New underwear brand is changing the size of the bra

The probability that you are currently buying and wearing the wrong bra size is high. By default, your current bra is probably not as comfortable as you are trying to convince yourself. Many women still wear the same bra size that they found on the day they graduated from the training bra. What we often don’t remember is that our body (naturally) changes every day, and our bust measurements fade and flow as the breast grows and shrinks.
For many years, women have become a standardized bra, regardless of natural features – such as the chest to the side, the larger female with a larger breast, or a larger breast than the other. For Abby Morgan and Lauren Cohan, the founder behind the new lingerie brand CUUP is enough. The industry has long insisted on the wrong size adjustment method. On most things (don’t forget to vote!), women should be better represented.
Morgan and Cohan met when they worked for Free People, and soon discovered what they needed to explore and tell Cohan to describe the “real human story.” This common emotion and compassion – after all, Cohan has a background in visual director and storytelling – and ultimately develops into a brand idea that the brand can be integrated into one of the must-have and humane clothing items: underwear. What is more real than the almost universal underwear, which is the daily experience shared by billions of women in the world?
There are a lot of bra brands trying to bridge the gaps in the underwear industry, so what makes CUUP so different? For beginners, they are changing the way women wear bra sizes. The main task of the co-founder is to change the dialogue around the image of women. Morgan explained, “We want to eliminate the perception of scale and re-direct this idea about female sex.” In 2018, the A and D cups did not have the same “small” and “big” stigma they used to. In fact, according to statistics provided by CUUP, 66% of women in the United States wear D cups or more. Cohan entered the bra herself and found that she was actually a 30E, regardless of the size of the thinnest frame. But the worst thing she found during the renovation was to be told that they didn’t carry her new size. Cohan shared, “If I have these feelings, I can’t be the only feeling.” CUUP is changing its bra, including familiar size labels, while taking into account the natural fit of the breast: from fullness to height, how far apart They are sitting on your chest.
As for the second task of CUUP, it is marketing. The underwear industry is in trouble because it strives to define and achieve an ideal customer base.

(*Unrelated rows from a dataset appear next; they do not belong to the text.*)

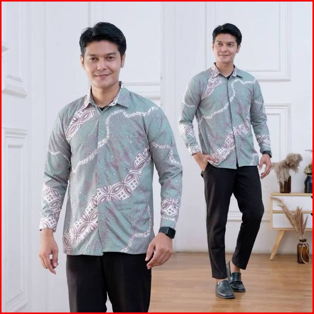 Baju Batik Pria Dewasa Slimfit - Kemeja Batik Cowok Lengan Panjang Mewah Modern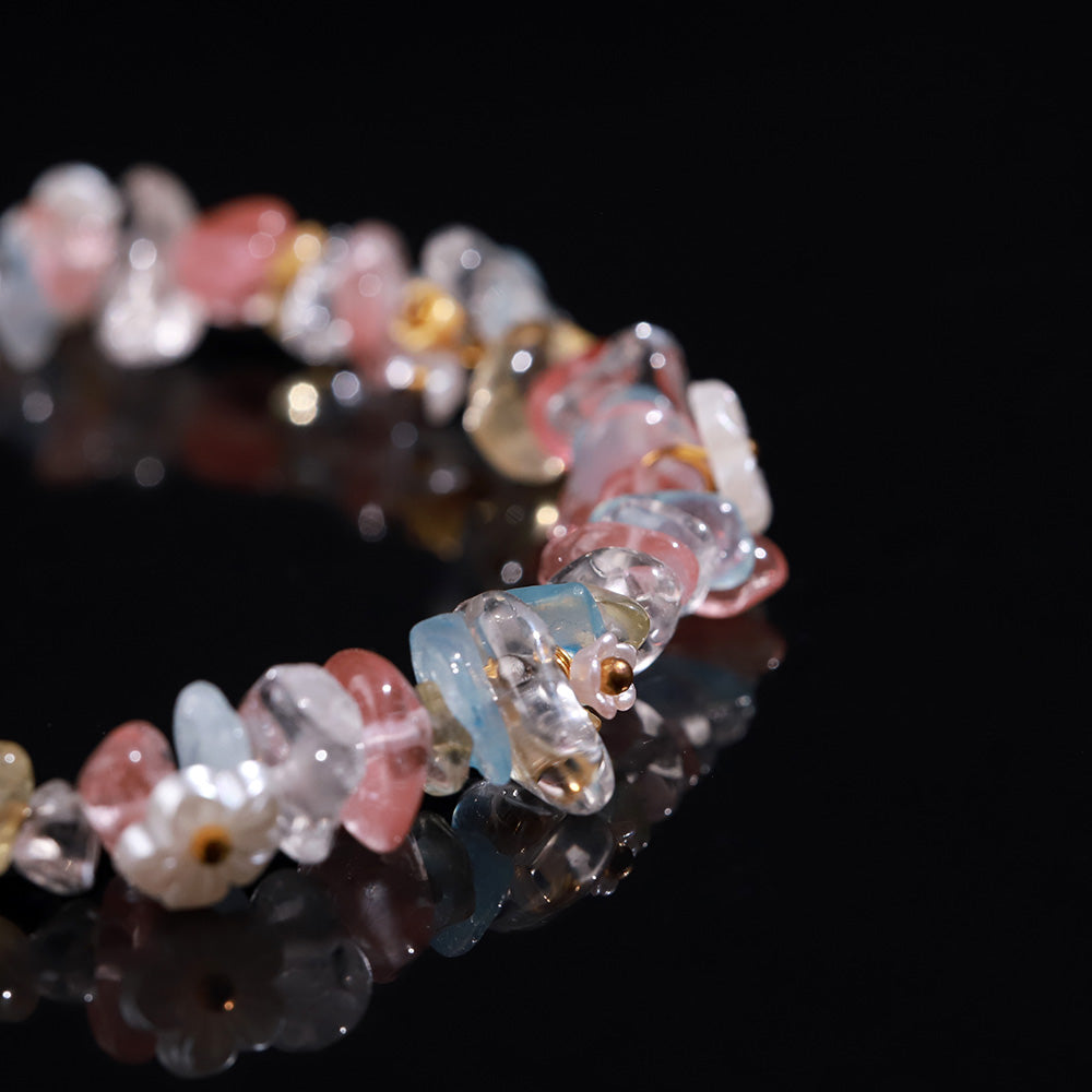 This bracelet is made from a mix of pastel-toned crystal chips in soft pink, sky blue, clear and light golden hues — like a handful of tiny candy-colored stones.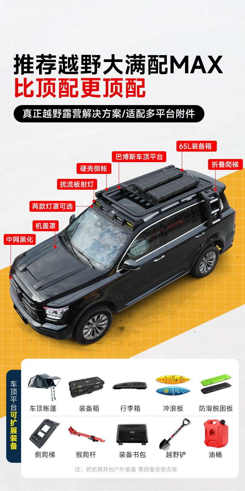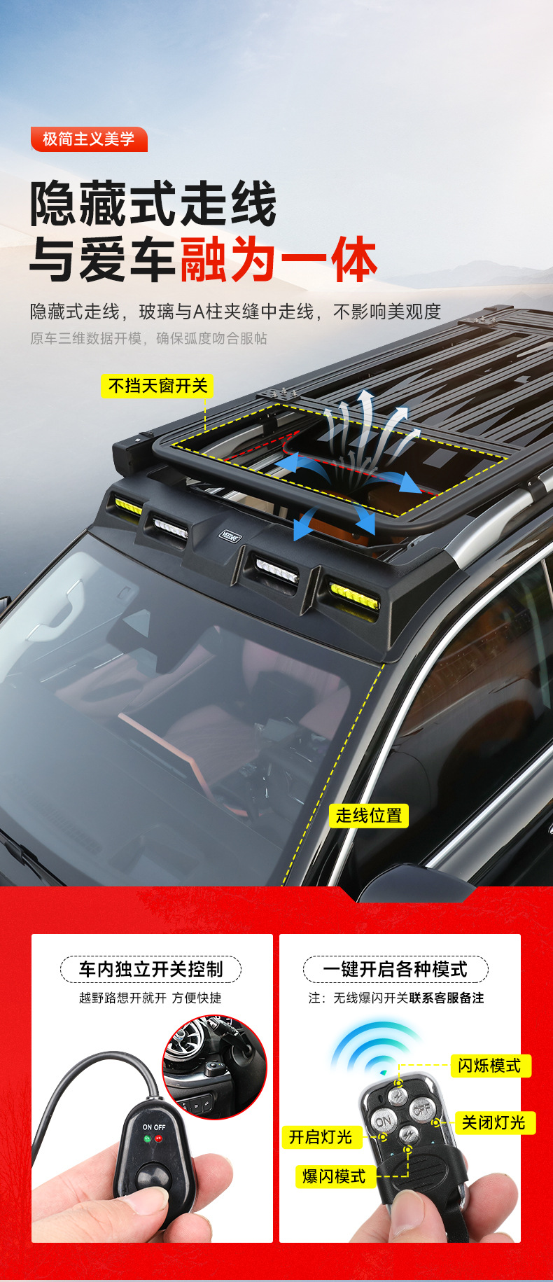 Tank 500hi4t roof spotlight four-eye spoiler searchlight LED flash off-road modified luggage rack ladder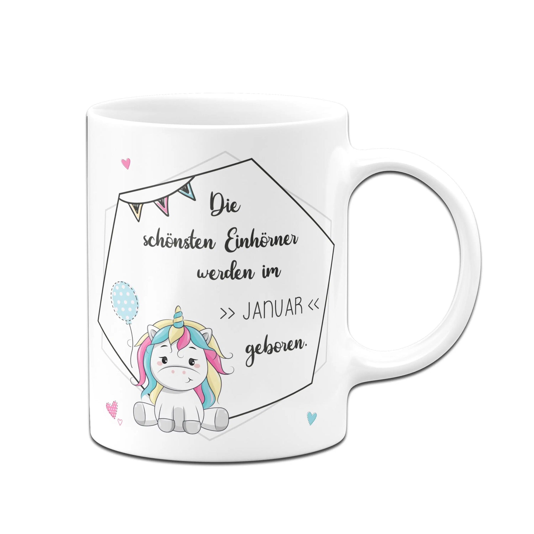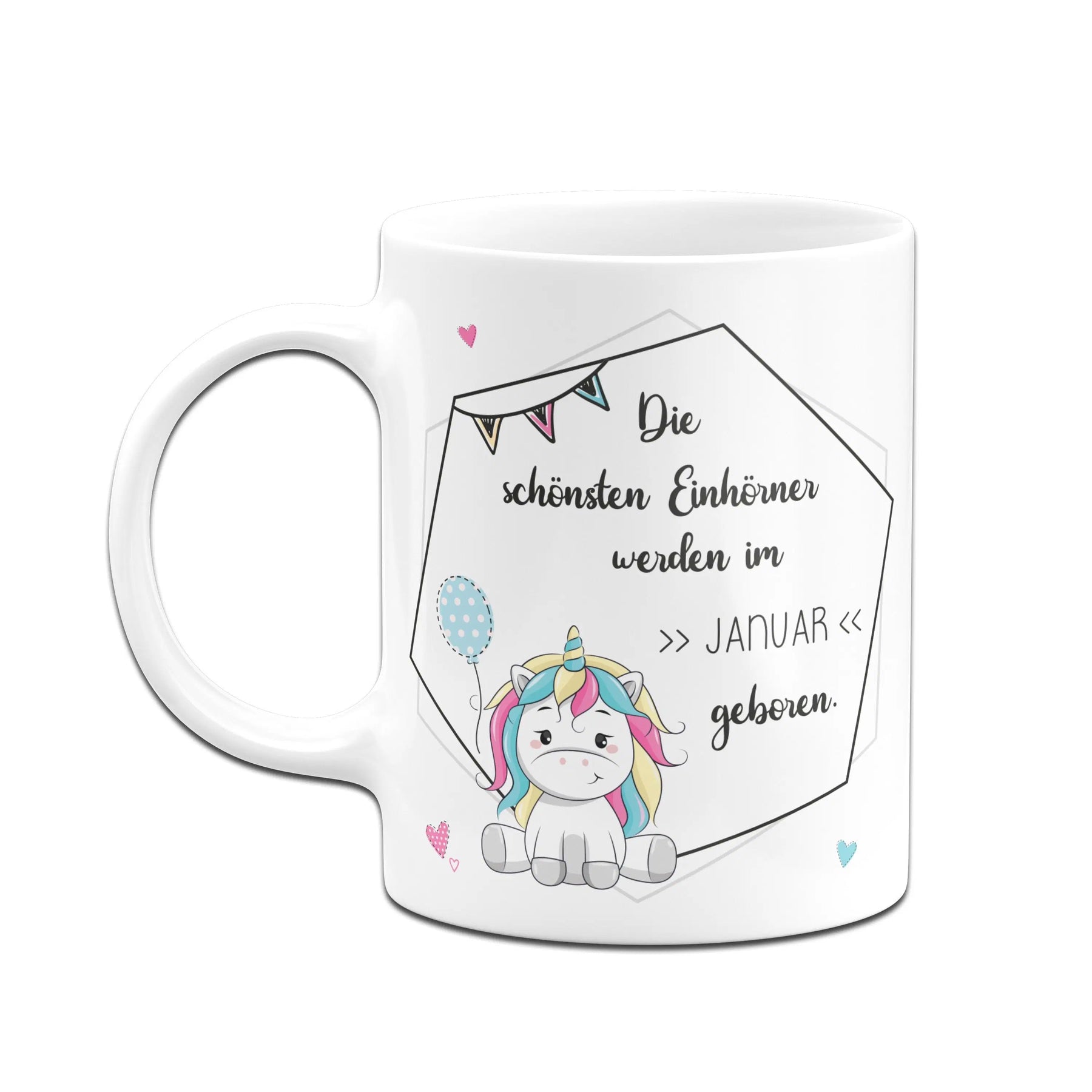 Einhorn-Tasse mit Spruch: Die schönsten Einhörner werden im -Wunschmonat- geboren. 🦄
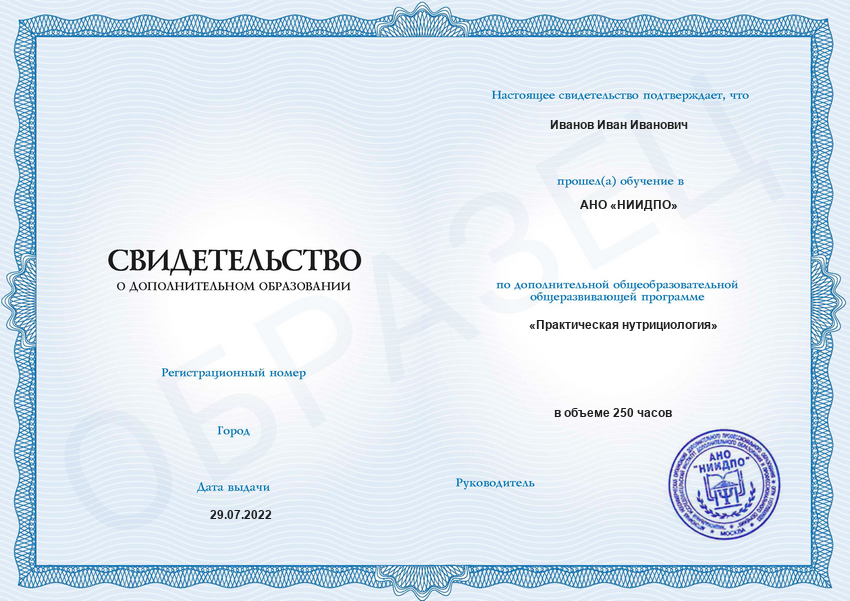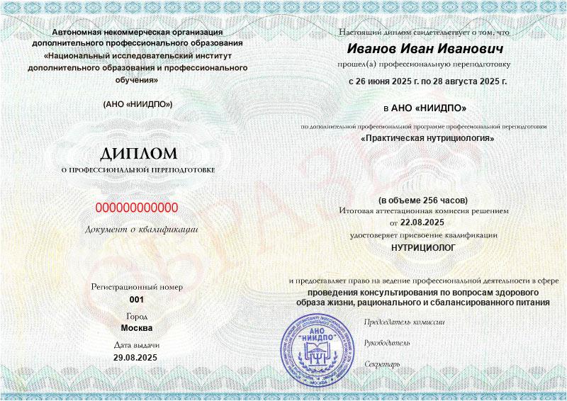 Меня зовут Ирина. Я была слушателем профессиональной переподготовки «Практическая нутрициология». Об этом курсе узнала от коллеги по работе. Ее отзыв вдохновил на дистанционное обучение в АНО «НИИДПО». Нисколько не пожалела о своем выборе. Нужная информация, интересные практические задачи, вполне адекватный режим обучения для работающего человека помогли мне получить еще одну интересную профессию. Рекомендую обучение в этой организации. Сама система ДО вполне приемлема для использования даже возрастными людьми. Новым слушателям желаю интересного обучения и плодотворных успехов в своих начинаниях. ДО АНО «НИИДПО» четко выполняет свою работу по консультированию, подготовке, обучению и выдаче документов слушателям курсов. Всем преподавателям и организаторам ДО АНО «НИИДПО» большое спасибо!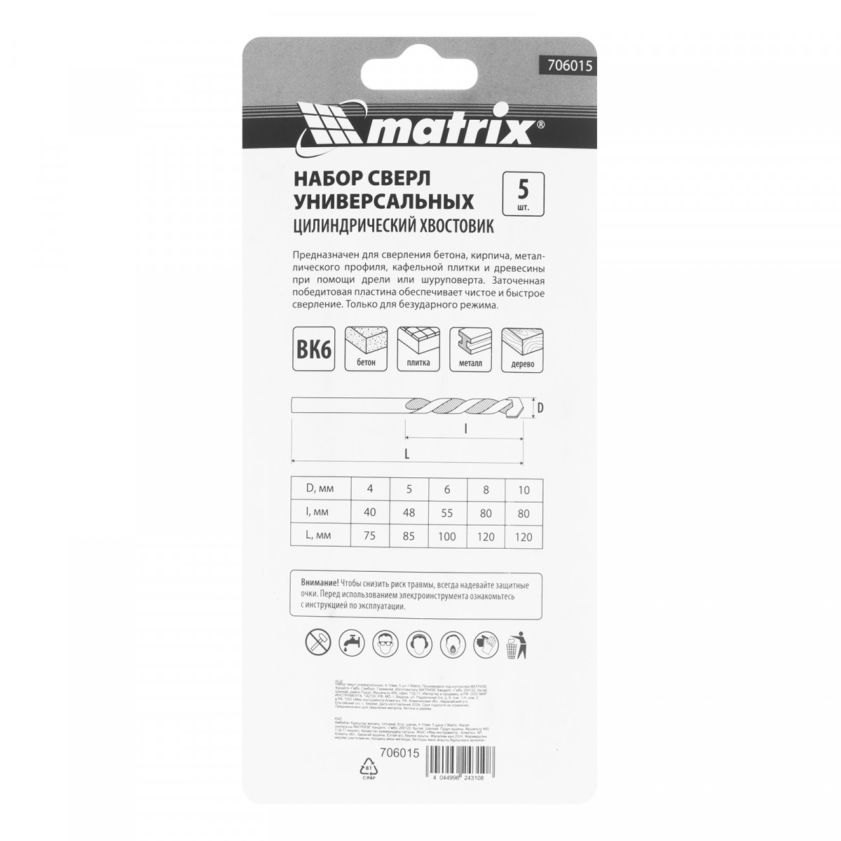 Набор сверл универсальных, 4-10мм, 5 шт Matrix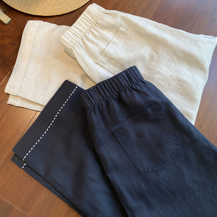 掌柜自留推!!品质就在那,极简时髦天丝亚麻花边直筒休闲裤女夏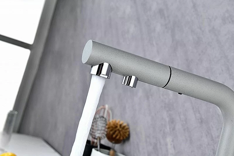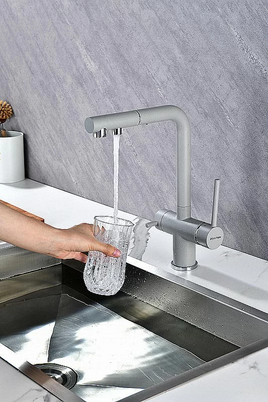 Смеситель для кухни Paulmark Serpentine Se213222-GRS серый дым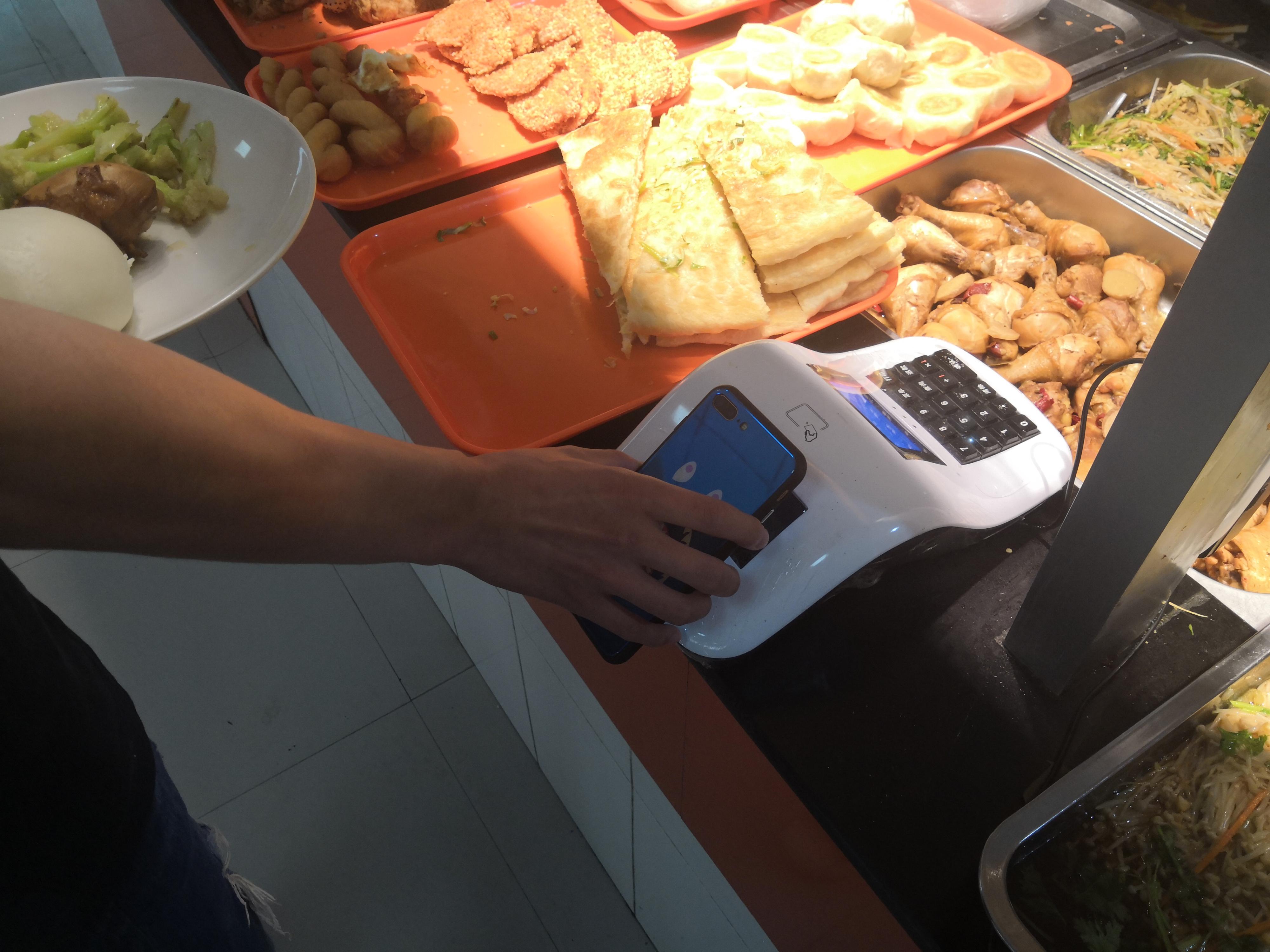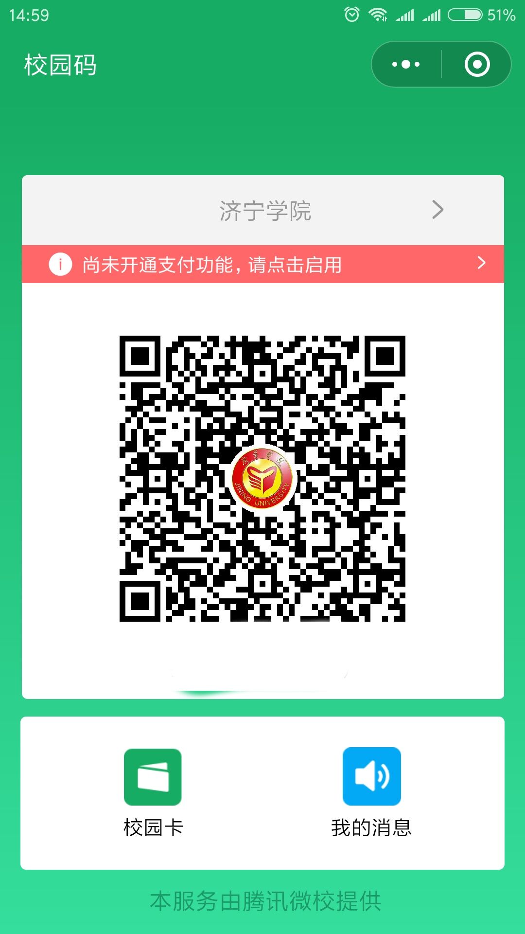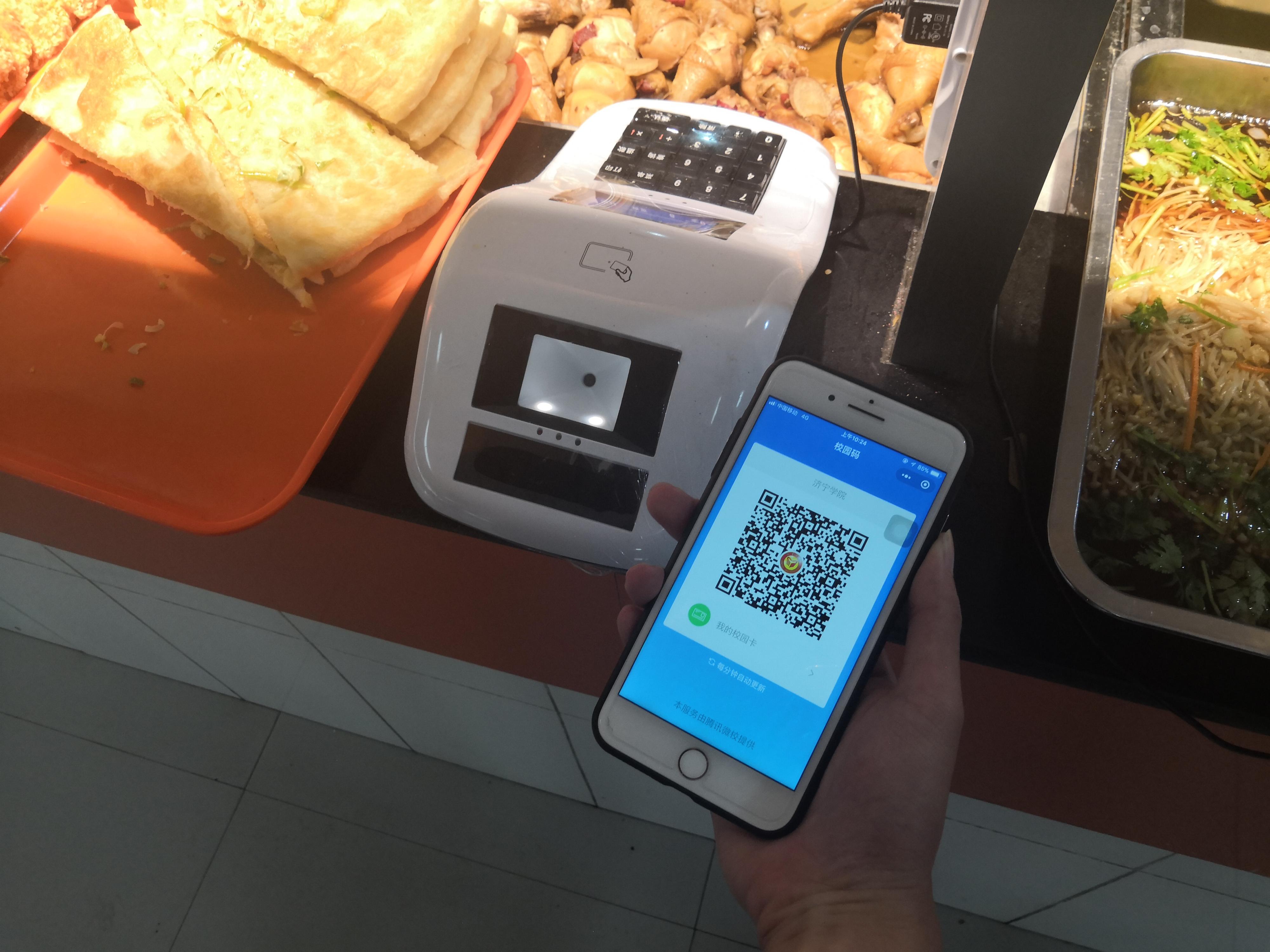 进入微信卡包,找到电子校园卡,调出校园码,将校园码放置在消费机的扫码处支付。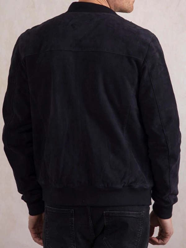 Mens Dalston Navy Suede Bomber Jacket

We’ve seen the era of push-up bras catering to Christmas gifts, the era of photography to eliminate nipples, because marketers believe that realism won’t sell, and that women who are thin women wearing sexy lingerie all cover the size of slings. Ultimately, women want comfort, testimony, equality and anatomical reality in their products.
But goodwill alone does not create good products. For CUUP, the challenge is to find creators, manufacturers and experienced assemblers who are willing to adjust their processes. Manufacturing bras is surprisingly complex: existing industry standards have not been challenged, making it difficult for brands to make more than 20 sizes. The co-founder explained, “Most bra designers are starting to design bras at 34B and start working. We started with 34E.” In two years, they used a real fit mechanism that broke all technical design features. (such as the thickness of the tape), and discussed which mathematical equations ensure that the size grows proportionally. The absolute priority of CUUP is to create a final product that is consistent across all sizes.
As for the quality of the bra, this writer has adapted to her own suit, I am undoubtedly a fan. Although I am happy to report that I am not too far into the size of my bra, I found that a more comfortable fit has liberated my natural chest shape. (The cup I have been cursing has a big gap between the fabric and the chest). Women are not suitable for wearing bras that are not fit for a long time. It is time to give a more representative new person a chance to be hospitable.